● **Brief**:
For the data that follows, print the line with "1(7) 그가 영광으로", the line with "電瓶液濃度比重計瓶液濃度比重計 電 電瓶液濃度比重計電瓶液濃度比重計", and all lines between them, exactly as they stand. Omit pictures and add nothing.

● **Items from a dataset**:
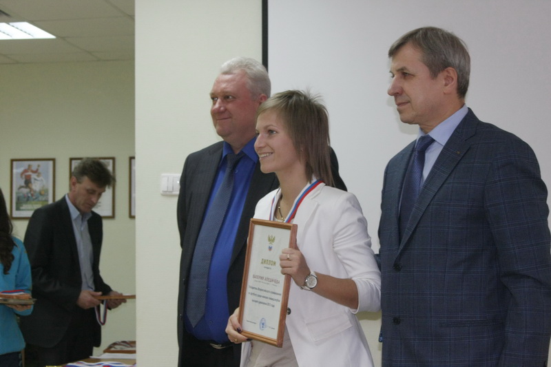 Сергей Сидорский поздравил с успехом и спортивного министра области Татьяну Пыжонкову, вручив её букет цветов и памятный подарок РФС. В своём выступлении Татьяна Пыжонкова напомнила, что на церемонии вручения бронзовых медалей чемпионата России сезона 2012-2013 Вероника Шульга твёрдо пообещала, что на следующем турнире они будут первыми. Слова оказались пророческими.
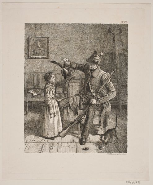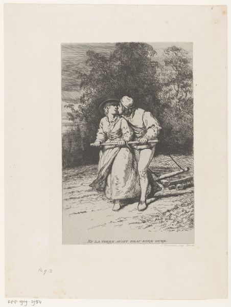 This print, made by Frederik Hendrik Weissenbruch, captures a fleeting moment between a farm girl and a young man. The medium used here is called ‘tintometrie’, a printing technique that allows for subtle gradations of tone. The image shows that the artist was deeply interested in the lives of everyday people. The girl’s clothing, for example, isn’t rendered with photographic precision, but with an eye to its texture and weight, suggesting the labor involved in producing and maintaining it. Weissenbruch carefully details the young man’s suit, worn and patched, a visible sign of his own labor. The landscape around them isn’t just a backdrop; it’s a space of work and production. In his choice of subject and medium, Weissenbruch elevates the ordinary, inviting us to consider the value and dignity of working-class life. The artwork's beauty resides not only in the image itself, but also in the story of its making and the world it represents.
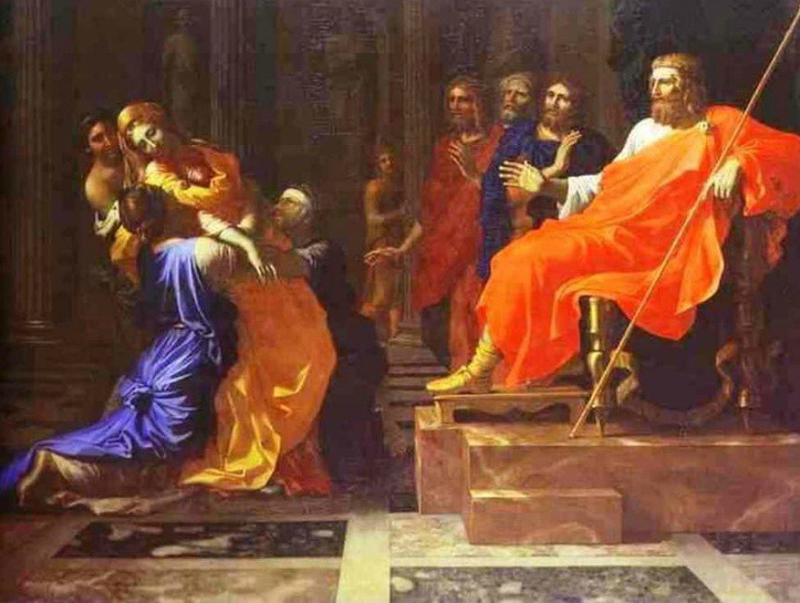 1(7) 그가 영광으로 빛나는 얼굴을 들고 지극히 노여운 눈으로 쳐다보자, 왕비는 실신하여 쓰러지면서 창백한 얼굴로, 앞서 가는 시녀의 머리에 몸을 기대었다.
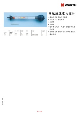 電瓶液濃度比重計瓶液濃度比重計 電 電瓶液濃度比重計電瓶液濃度比重計 ● 用來測試蓄電池中的酸度 ● 只需吸入少量電瓶液 ● 大刻度 ● 大內膽 ● 特殊導引設計,內膽不會附著於比重 計邊緣 ● 有顏色之刻度設計可以立即並清楚地 看出讀數 MWF –10/03 – 06551 T13 08
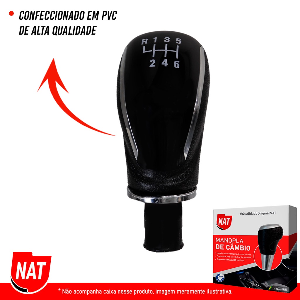 Manopla de Câmbio Chevrolet Novo Onix e Onix Plus 2020 Até 2023. A Manopla de Câmbio da NAT possui uma instalação simples e intuitiva, o produto é confeccionado em PVC de alta resistência. Informações: * Para o Modelo Chevrolet Novo Onix e Onix Plus 2020 Até 2023. * Produto Nacional. * Ótimo acabamento, emborrachado. * Instalação simples, rápida e intuitiva. * Para Câmbio Manual. Veículos Compatíveis: * Modelo: Novo Onix 2020 Até 2023. * Ano: 2020, 2021, 2022 e 2023. * Modelo: Onix Plus 2020 Até 2023. * Ano: 2020, 2021, 2022 e 2023. Dados Técnicos: * Peso: 200 Gramas. * Altura: 5 cm. * Comprimento: 5 cm. * Largura: 4 cm. Cores Disponíveis: *Preto. Conteúdo. * 01 Manopla de Câmbio. * 01 Nota Fiscal. Garantia: 3 meses. * Imagens meramente ilustrativas. Atenção: Para compras realizadas em nome de Pessoa Jurídica/CNPJ, não serão faturadas, no momento não estamos gerando nota para CNPJ, caso tenha interesse em efetuar compras com o CNPJ entre em contato com a fábrica. Por favor solicitamos que compre como pessoa física/CPF para que seus pedidos possam seguir conforme o programado e prazo passado. Sobre a Marca: A Indústria NAT tem orgulho de ser uma empresa nacional, com sua sede em São Paulo, que está há mais de 20 anos construindo uma história de sucesso no âmbito do desenvolvimento de peças automotivas que acompanham e solucionam as necessidades de consumo do mercado, com o mais alto padrão de qualidade, proporcionando o melhor custo-benefício aos consumidores e sempre buscando ser referência em sua atuação. Seus produtos são produzidos em território nacional e estão presentes em toda América Latina.
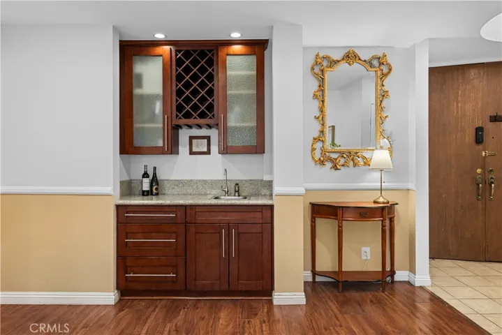 Upon entry, a welcoming foyer leads into a spacious living room highlighted by a stylish designer wet bar. Residents will appreciate the generously sized bedrooms, a dedicated breakfast area, and a private balcony. The gourmet kitchen is equipped with premium granite countertops and stainless steel appliances, combining both functionality and elegance. The luxurious primary suite offers a spa-inspired bathroom complete with a separate shower, a soaking tub, and dual vanities, providing the ultimate relaxation experience.
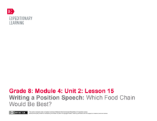 Eeny, meany, miny, moe. It's time to choose a side. Scholars learn about taking a position by watching a video of a speech about local organic food. Next, pupils use graphic organizers to plan their speeches about which food chain is...
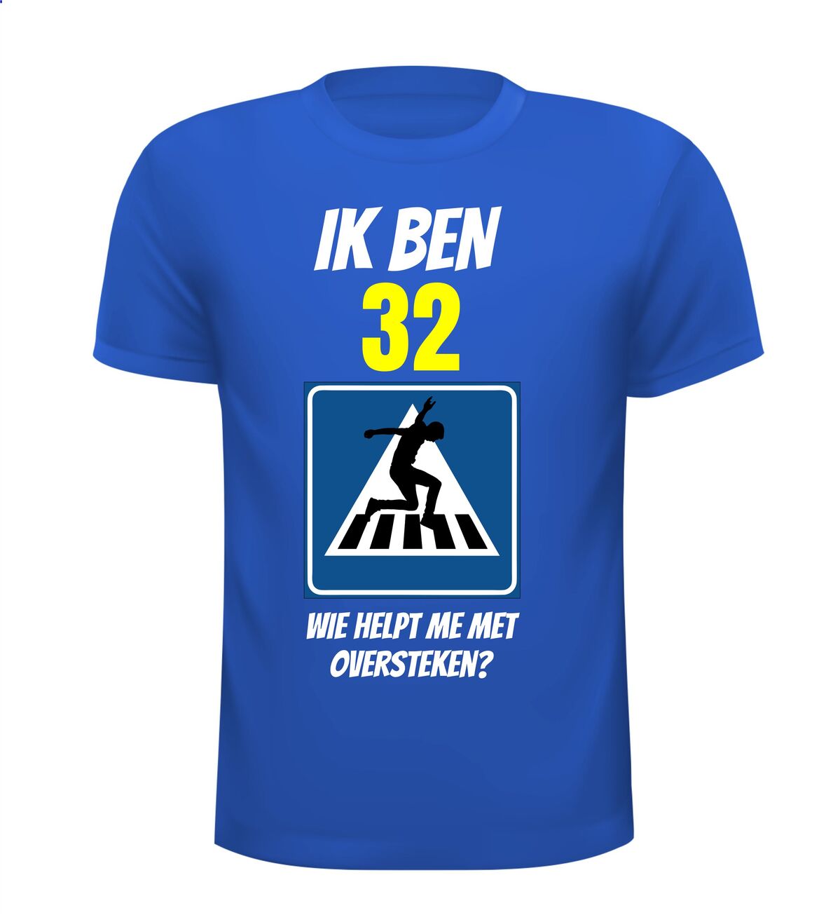 Op zoek na een leuk verjaardag shirt voor een man die zijn 32e verjaardag viert? Dit fun t-shirt is erg leuk om kado te krijgen en te doen tijdens een 32e verjaardag. Op het leeftijd shirt staat de tekst: ik ben 32 wie helpt mij oversteken.

● **Solution below**:
 1(7) 그가 영광으로 빛나는 얼굴을 들고 지극히 노여운 눈으로 쳐다보자, 왕비는 실신하여 쓰러지면서 창백한 얼굴로, 앞서 가는 시녀의 머리에 몸을 기대었다.
 電瓶液濃度比重計瓶液濃度比重計 電 電瓶液濃度比重計電瓶液濃度比重計 ● 用來測試蓄電池中的酸度 ● 只需吸入少量電瓶液 ● 大刻度 ● 大內膽 ● 特殊導引設計,內膽不會附著於比重 計邊緣 ● 有顏色之刻度設計可以立即並清楚地 看出讀數 MWF –10/03 – 06551 T13 08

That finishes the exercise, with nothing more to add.